Pinsky’s Pollution Pods, a series of immersive geodesic domes designed to recreate accurately the scent, texture and temperature of ambient pollution in five world locations, will be installed outside the United Nations’ (UN) headquarters in New York in time for the UN Climate Action Summit, scheduled for 23 September. Summit attendees will be able to enter the pods and experience a facsimile of the air quality in Beijing, London, New Delhi, São Paulo and the Norwegian peninsula region of Tautra; in order to exit the installation, users must pass through all the pods, highlighting the interconnectedness of environmental and climate issues.
Pinsky said: “In the Pollution Pods, I have tried to distil the whole bodily sense of being in each place. For instance, being in São Paulo seems like a sanctuary compared to New Delhi, until your eyes start to water from the sensation of ethanol, whilst Tautra is unlike any air you’ll have ever breathed before, it is so pure.”

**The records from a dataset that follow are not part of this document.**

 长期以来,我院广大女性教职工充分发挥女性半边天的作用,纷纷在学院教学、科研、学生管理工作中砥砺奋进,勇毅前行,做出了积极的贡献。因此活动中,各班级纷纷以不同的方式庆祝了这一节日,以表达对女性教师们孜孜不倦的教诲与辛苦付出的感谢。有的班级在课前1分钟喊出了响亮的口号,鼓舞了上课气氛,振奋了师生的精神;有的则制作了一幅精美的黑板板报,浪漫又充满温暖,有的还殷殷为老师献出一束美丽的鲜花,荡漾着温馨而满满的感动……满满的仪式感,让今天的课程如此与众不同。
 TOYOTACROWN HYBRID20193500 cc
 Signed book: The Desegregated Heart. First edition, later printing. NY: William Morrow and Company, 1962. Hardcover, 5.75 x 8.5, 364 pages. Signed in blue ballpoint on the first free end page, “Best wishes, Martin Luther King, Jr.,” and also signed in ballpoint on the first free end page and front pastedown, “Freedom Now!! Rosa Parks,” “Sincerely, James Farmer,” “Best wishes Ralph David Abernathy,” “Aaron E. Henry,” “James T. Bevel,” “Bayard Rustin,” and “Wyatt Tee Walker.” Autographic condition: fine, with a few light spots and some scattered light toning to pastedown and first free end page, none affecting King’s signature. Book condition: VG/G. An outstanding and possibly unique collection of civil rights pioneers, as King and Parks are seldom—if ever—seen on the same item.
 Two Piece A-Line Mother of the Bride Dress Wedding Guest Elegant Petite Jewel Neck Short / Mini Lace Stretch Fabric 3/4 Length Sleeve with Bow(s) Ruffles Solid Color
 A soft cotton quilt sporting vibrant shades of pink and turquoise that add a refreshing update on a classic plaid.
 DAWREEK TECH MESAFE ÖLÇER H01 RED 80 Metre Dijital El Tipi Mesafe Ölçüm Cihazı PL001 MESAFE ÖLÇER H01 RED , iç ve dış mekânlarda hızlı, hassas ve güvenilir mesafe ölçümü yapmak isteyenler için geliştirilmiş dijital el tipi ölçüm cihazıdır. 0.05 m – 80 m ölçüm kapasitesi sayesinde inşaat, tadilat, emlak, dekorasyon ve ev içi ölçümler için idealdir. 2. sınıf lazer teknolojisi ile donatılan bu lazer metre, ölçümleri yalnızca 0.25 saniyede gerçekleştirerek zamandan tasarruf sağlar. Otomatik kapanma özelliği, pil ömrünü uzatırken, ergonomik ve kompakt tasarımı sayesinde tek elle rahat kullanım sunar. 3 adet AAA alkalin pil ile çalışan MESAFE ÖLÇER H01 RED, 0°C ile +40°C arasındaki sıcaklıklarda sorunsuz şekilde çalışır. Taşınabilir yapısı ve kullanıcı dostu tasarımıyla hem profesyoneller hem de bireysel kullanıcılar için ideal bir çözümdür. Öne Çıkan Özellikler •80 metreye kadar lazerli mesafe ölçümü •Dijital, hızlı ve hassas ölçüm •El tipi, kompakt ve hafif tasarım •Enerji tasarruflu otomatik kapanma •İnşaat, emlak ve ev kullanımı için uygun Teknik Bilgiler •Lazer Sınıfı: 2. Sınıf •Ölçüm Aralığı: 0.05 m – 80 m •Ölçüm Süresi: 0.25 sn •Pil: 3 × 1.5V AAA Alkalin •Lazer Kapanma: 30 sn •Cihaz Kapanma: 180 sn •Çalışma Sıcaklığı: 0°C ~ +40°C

Environmental psychologist and Climart co-ordinator Professor Dr Christian A. Kloeckner of the Norwegian University of Science and Technology (NTNU) who commissioned the Pollution Pods for Norway’s Starmus festival in 2018, said: “We wanted to assess the potential for art to impact behaviour around climate change. There are some horrific statistics that Michael’s research has brought to light, such as the fact that children are much more vulnerable to the effects of pollution as they tend to breathe more through their mouths and don’t regulate their breathing to try to filter out pollution. We believe that by immersing oneself in this kind of art environment, which engenders a physical and an emotional response, one can hope to shift behavioural patterns.”